By contrast, single ‘JanSport Backpack’ is pure Sparks-crafted time distortion: a jaunty synth breeze that feels both retro‑futuristic and nostalgic, as a mundane accessory becomes a symbol of love evaporating. Dulled multi-tracked vocals descend like a faded marquee, before swelling into triumph. “She wears a JanSport backpack,” Russell drones – it’s at once absurd and heartbreakingly vivid.
‘Hit Me, Baby’ shimmies with bravado and childlike ad-libs of “la‑las” and “babies.” This one surges forward – drums pounding, synths doom-laden – like a shrug to a world that demands more seriousness.
“Cinematic flair”
Then comes ‘My Devotion’, the album’s tender heart – a rare Sparks ballad, charging with an ’80s electro pulse. Russell’s yearning is earnest: it could be a homage to love, obsession—or even die‑hard fandom. Either way, it lands with surprising sincerity amid the trademark eccentricity.
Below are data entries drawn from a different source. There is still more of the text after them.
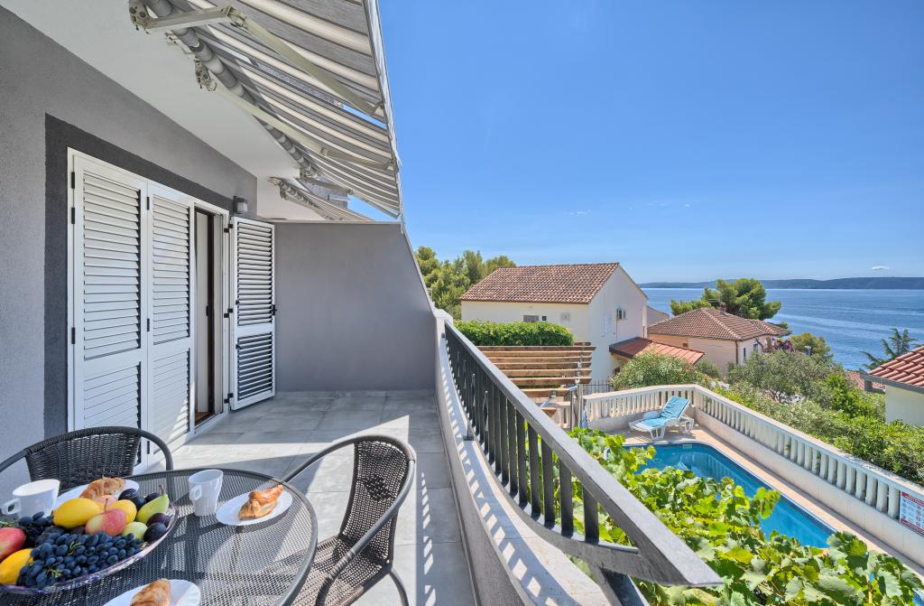 Absolut perfekte Platzverhältnisse, günstiger Preis, Wohnung mit direktem Blick auf das Meer und den Pool, Außendusche am Pool und Sonnenliegen für den Komfort der Gäste, der Weg zum Parkplatz ist wirklich ziemlich steil und rutschig, uns fehlte ein Geschäft die Nähe, aber die Qualität der Unterkunft machte das wieder wett.
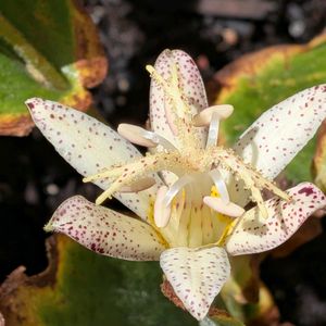 【杜鵑草】《ユリ科》 花言葉 「永遠にあなたのもの」「秘めた意志」 「秘めた恋」「秘めた思い」 「恥ずかしがりや」「永遠の若さ」 別名 油点草(ユテンソウ) 和名の「杜鵑草(ホトトギス)」は、花に入った紫の斑点が鳥のホトトギスの胸の模様に似ていることに由来します。 英語では「Toad lily(ヒキガエルのようなユリ)」と呼ばれます。 花の地色は白色で花のすべてに紫の斑点が入ります。花は上を向いて咲きます。
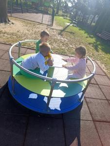 Wrześniowa aura sprzyja spacerom i zabawom w ogrodzie przedszkolnym. Dla naszego bezpieczeństwa wszyscy przypomnieliśmy sobie zasady ruchu drogowego i regulamin korzystania z placu zabaw . Dopóki będzie ciepło na pewno będziemy bawić się w promykach słoneczka , podziwiając zmiany w przyrodzie związane z nadchodzącą jesienią.
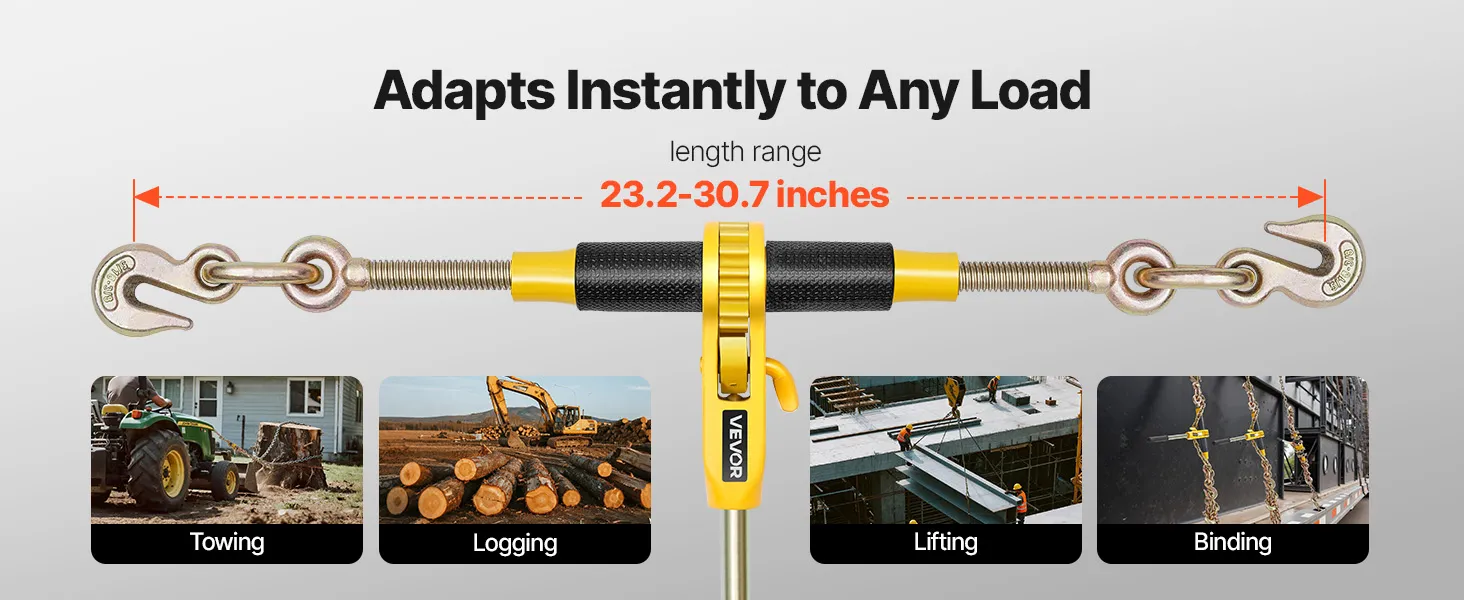 Odpoveď: Nastavuje sa od 23,2 palca (min.) do 30,7 palca (max.). Vhodný pre reťaze s priemerom 5/16 až 3/8 palca - ideálny na ťažbu dreva, viazanie a prepravu.
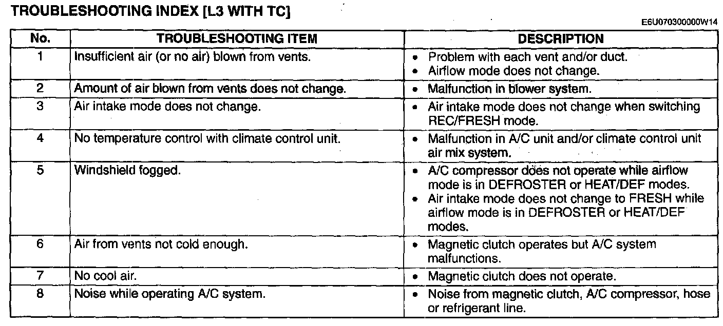 - The areas for inspection (steps) are given according to various circuit malfunctions. Use the above chart to verify the symptoms of the trouble in order to diagnose the appropriate area.

‘In Daylight’ is widescreen, anthem-ready: its message is simple (“everybody looks great at night – be impressive in daylight”), but it grooves with cinematic flair. It’s slick art‑pop with embedded confidence.
Then there’s ‘A Little Bit of Light Banter’, arguably the album’s secret weapon: like a tongue-in-cheek homage to Chas & Dave’s unheard electro period. It shuffles along with cheeky energy, gentle melodies and clever lyrical diversion – exactly the kind of sly cultural pick-up Sparks excel at.
Finally, ‘Lord Have Mercy’ ties a bow on the album. It’s grand, hymn-like – Schlager crossed with rock‑god swagger. A guitar solo, held‑lighter lyrics, ambiguous sincerity: perfection if a subversive boyband were to cover it.
“Sincerity with subversion”
Sparks have always relished the banal – jackets, highways, backpacks – and turned them into gleaming vignettes. MAD! finds them revitalising that approach for a messier era. Lyrical curiosity + synthpop + art‑rock remains their alchemy.
Stylistically they’re all over the place – and precisely by design. The opener stalks like cabaret punk, mid‑album tracks shift from rock to pastoral reflection, others mix sincerity with subversion. It’s dizzying, but unified by the Maels’ brittle wit.
With MAD!, Sparks prove they’re far from pastiche. Instead, they offer a masterclass in maintaining creative mischief. It isn’t their sharpest album – and anyway, to these ears, they’ve always trodden a fine line between irritating and inimitable – but it’s still full of hooks, laughs, and pulses of feeling.
A sleek art-pop antidote for a manic world.